Kurz Alexander, Hauser Katja, Mehrtens Hendrik Alexander, Krieghoff-Henning Eva, Hekler Achim, Kather Jakob Nikolas, Fröhling Stefan, von Kalle Christof, Brinker Titus Josef
Digital Biomarkers for Oncology Group, German Cancer Research Center (DKFZ), Heidelberg, Germany.
Department of Medicine III, University Hospital RWTH Aachen, Aachen, Germany.
JMIR Med Inform. 2022 Aug 2;10(8):e36427. doi: 10.2196/36427.
Deep neural networks are showing impressive results in different medical image classification tasks. However, for real-world applications, there is a need to estimate the network's uncertainty together with its prediction.
In this review, we investigate in what form uncertainty estimation has been applied to the task of medical image classification. We also investigate which metrics are used to describe the effectiveness of the applied uncertainty estimation.
Google Scholar, PubMed, IEEE Xplore, and ScienceDirect were screened for peer-reviewed studies, published between 2016 and 2021, that deal with uncertainty estimation in medical image classification. The search terms "uncertainty," "uncertainty estimation," "network calibration," and "out-of-distribution detection" were used in combination with the terms "medical images," "medical image analysis," and "medical image classification."
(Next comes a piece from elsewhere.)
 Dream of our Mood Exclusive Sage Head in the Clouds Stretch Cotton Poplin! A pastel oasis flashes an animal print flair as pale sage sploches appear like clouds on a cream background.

A total of 22 papers were chosen for detailed analysis through the systematic review process. This paper provides a table for a systematic comparison of the included works with respect to the applied method for estimating the uncertainty.
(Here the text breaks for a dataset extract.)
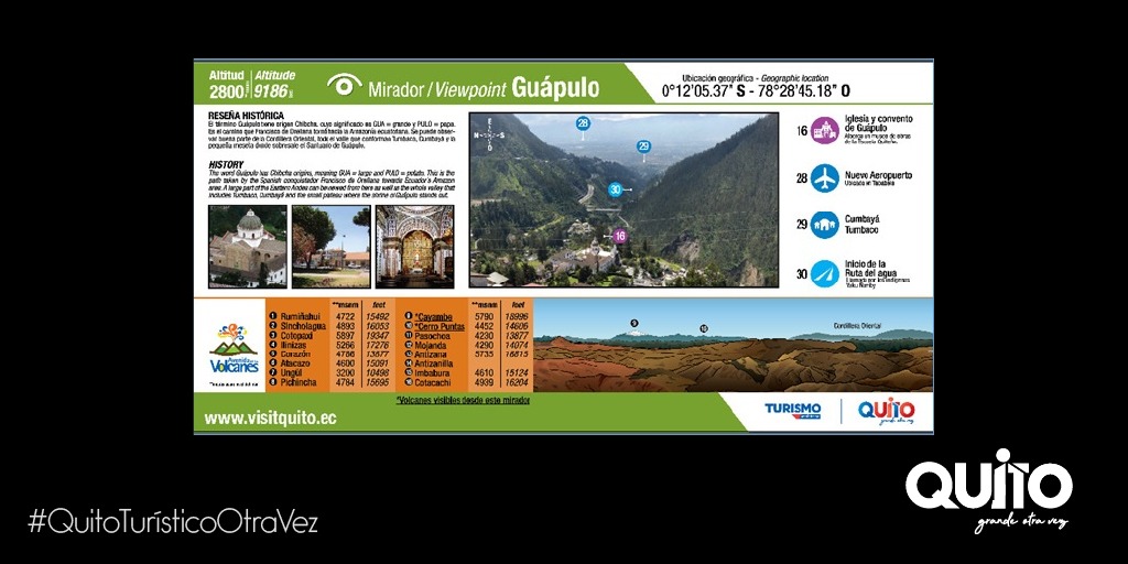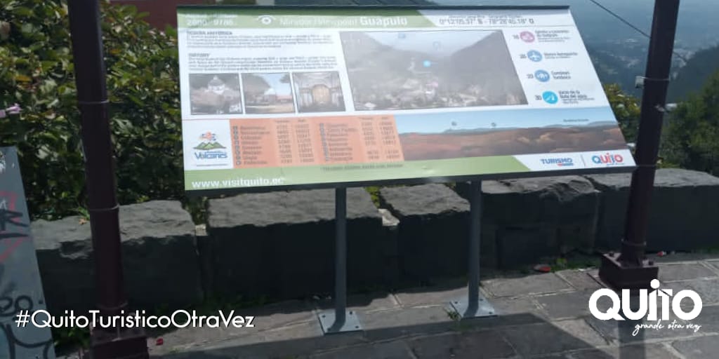 El Cabildo capitalino, a través de la Empresa Pública Metropolitana de Gestión de Destino Turístico – Quito Turismo, realizó el mantenimiento de los paneles informativos en los miradores del Panecillo, Panecillo Sur, San Juan y Guápulo.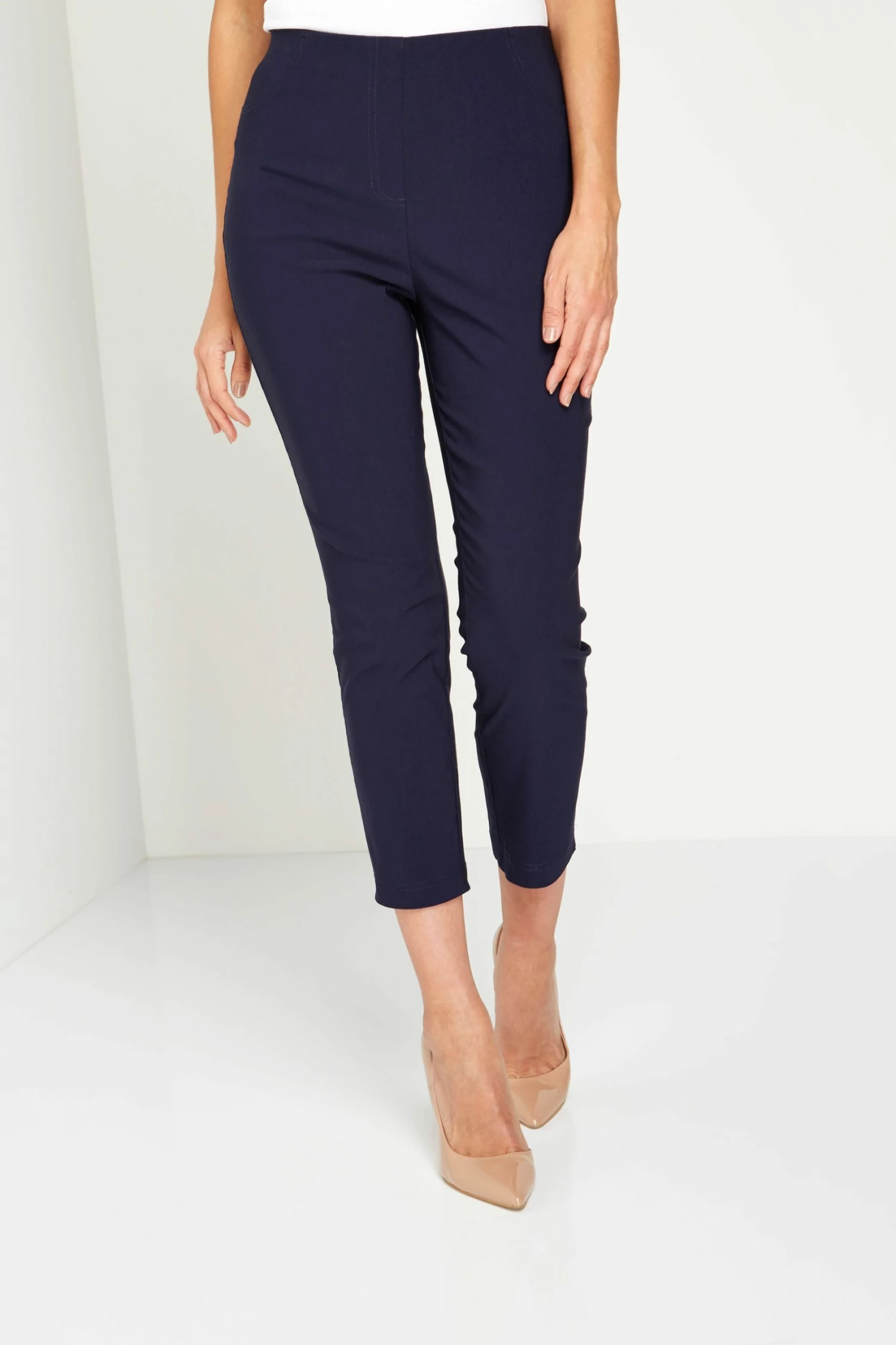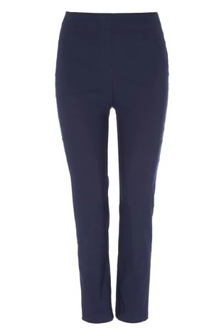 Crafted from a stretch fabric, these slim leg trousers fit smoothly to your curves. Made with a regular rise elasticated waistband and back pockets, these versatile trousers are stylish yet comfortable.

The applied methods for estimating uncertainties are diverse, but the sampling-based methods Monte-Carlo Dropout and Deep Ensembles are used most frequently. We concluded that future works can investigate the benefits of uncertainty estimation in collaborative settings of artificial intelligence systems and human experts.
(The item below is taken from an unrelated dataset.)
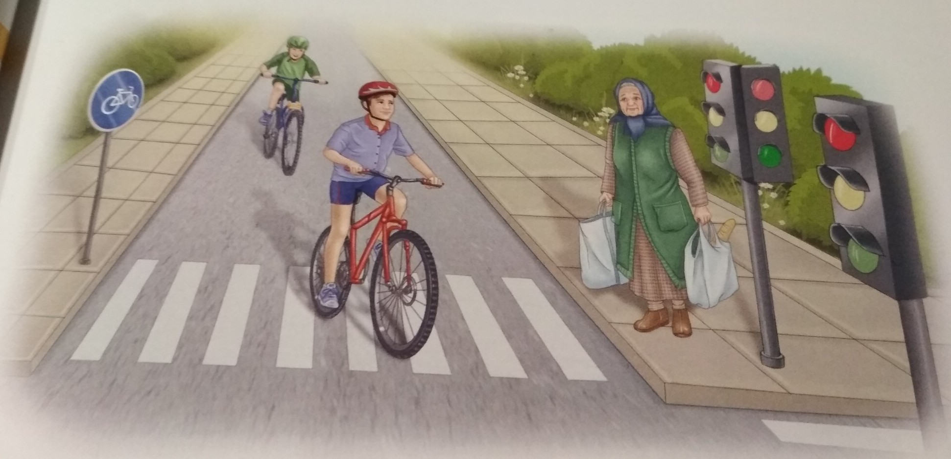 На дворе лето . Два друга катаются на велосипедах по велосипедной дорожке. Мальчики заботиться о своей безопасности и одели каски .Бабушка возвращается с магазина домой.Она стоит перед пешеходным переходом и уступает велосипедистам.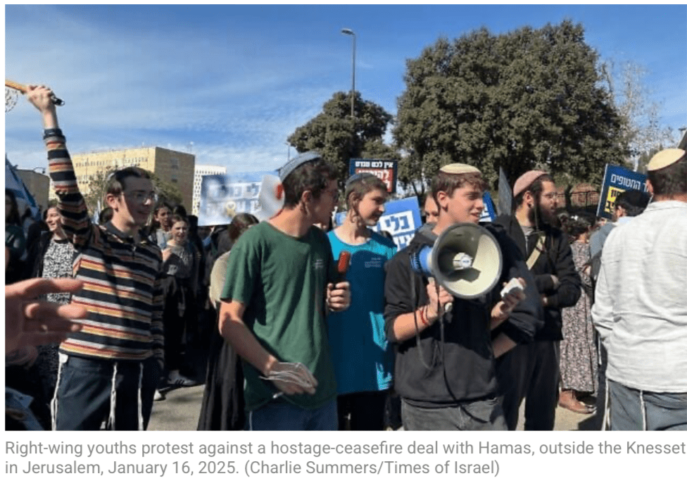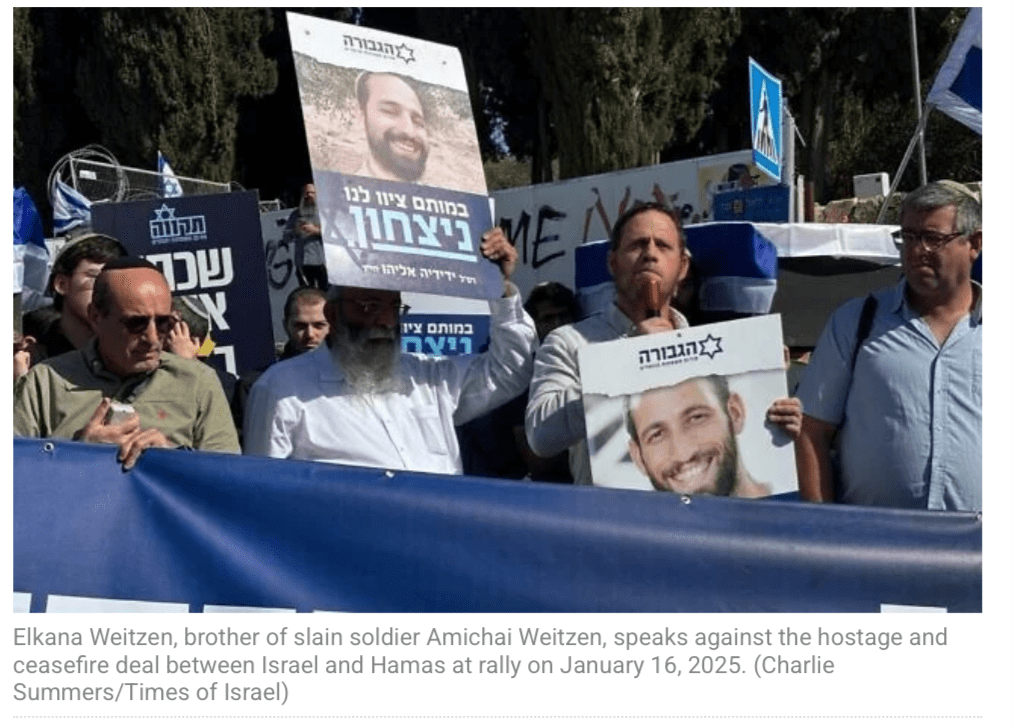 Kurz vor 13 Uhr treffen einige Hundert rechtsgerichtete Demonstranten vor der Knesset ein. Familienangehörige von gefallenen Soldaten und noch in Gaza festgehaltenen Geiseln erklären, dass das Abkommen eine Kapitulation vor den ‘Arabern’ darstellt. «Das Ziel dieser Araber – der Hamas und aller anderen – ist es, die Ehre Israels zu beschmutzen.» und «Bibi, wach auf, jüdisches Blut ist nicht billig!» skandieren die zumeist orthodoxen jugendlichen Demonstranten. Zvika Mor, der Vater der Geisel Eitan Mor, 24 und einer der Gründer des Falken-Forums Tikva, er habe heute Morgen darum gebeten, auf einer Versammlung der Fraktion des religiösen Zionismus sprechen zu dürfen, sei aber abgewiesen worden. «Lösen Sie [Smotrich] die Regierung auf, Sie dürfen diesen Deal nicht genehmigen lassen», sagt Mor in einer Videobotschaft. «Durch diesen Deal wird mein Sohn noch viele Jahre in Gaza zurückbleiben – darauf bin ich nicht vorbereitet.» Gleichzeitig findet eine Gegendemonstration des rechten ‘Helden-Forums’ statt. Hunderte von ihnen trafen sich vor dem Büro des PM und beklagten ebenfalls, dass das Abkommen eine Kapitulation vor der Hamas darstellt, die der ‘Würde des jüdischen Volkes’ schadet.

INTERNATIONAL REGISTERED REPORT IDENTIFIER (IRRID): RR2-10.2196/11936.
深度神经网络在不同的医学图像分类任务中展现出了令人瞩目的成果。然而,对于实际应用而言,需要在网络预测的同时估计其不确定性。
在本综述中,我们研究不确定性估计是以何种形式应用于医学图像分类任务的。我们还研究了使用哪些指标来描述所应用的不确定性估计的有效性。
在谷歌学术、PubMed、IEEE Xplore和ScienceDirect数据库中筛选2016年至2021年间发表的关于医学图像分类中不确定性估计的同行评审研究。搜索词“不确定性”“不确定性估计”“网络校准”和“分布外检测”与“医学图像”“医学图像分析”和“医学图像分类”等词组合使用。
通过系统综述过程,共选择了22篇论文进行详细分析。本文提供了一个表格,用于对纳入研究在估计不确定性的应用方法方面进行系统比较。
用于估计不确定性的应用方法多种多样,但基于采样的方法蒙特卡洛随机失活和深度集成方法使用最为频繁。我们得出结论,未来的研究可以探讨在人工智能系统与人类专家的协作环境中不确定性估计的益处。
国际注册报告识别码(IRRID):RR2-10.2196/11936。